The four universal principles are further developed in the following nine factors of the annual WJP Rule of Law Index. Each edition of the Index relies on more than 110,000 household and expert surveys to measure how the rule of law is experienced and perceived in practical, everyday situations by the general public worldwide. Index findings have been cited by heads of state, chief justices, business leaders, and public officials, including coverage by more than 1,000 media outlets worldwide.
Based on World Justice Project Rule of Law Index, the data put Singapore, ranked 13, at the top of Asian countries for how the rule of law is experienced by common people.

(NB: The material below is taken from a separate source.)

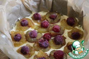 Выложить на тесто - вдавливать НЕ надо, срезом вверх и не вплотную друг к другу сливы, в середину каждой сливы я положила по вишенке.

It is closely followed by Japan which is ranked 14 out of 113 countries. South Korea is ranked 20th globally and is the third ranked state in Asia in terms of how people experience protection.
Mongolia has been building a steady democracy over the last two decades and is ranked 51 out of 113 countries. It is ahead of many Asian countries. Malaysia and Nepal are ranked 53 and 58 respectively. Nepal is closely followed by Sri Lanka. Sri Lanka is the biggest improver with moving up nine positions since the last index was released.
With the rise of religious right in India the country has seen a steady decline in rule of law. It is ranked 62. Indonesia ranked 63 has also been experiencing a rise in religious tensions alongside cases of corruption against the political leadership.
Under military rule Thailand is ranked 71 out of 113 countries, followed by Vietnam and China ranked 74 and 75 respectively.
The Philippines is among the lesser ranked countries at 88, followed by Myanmar at 100. Bangladesh and Pakistan are very low in the list of 113 countries.
Cambodia is the lowest ranked country at 112 out of 113 countries. As the ranking is the reflection of peoples’ perception, the Cambodians’ perception of the state of law in their country is the worst amongst all other regional countries.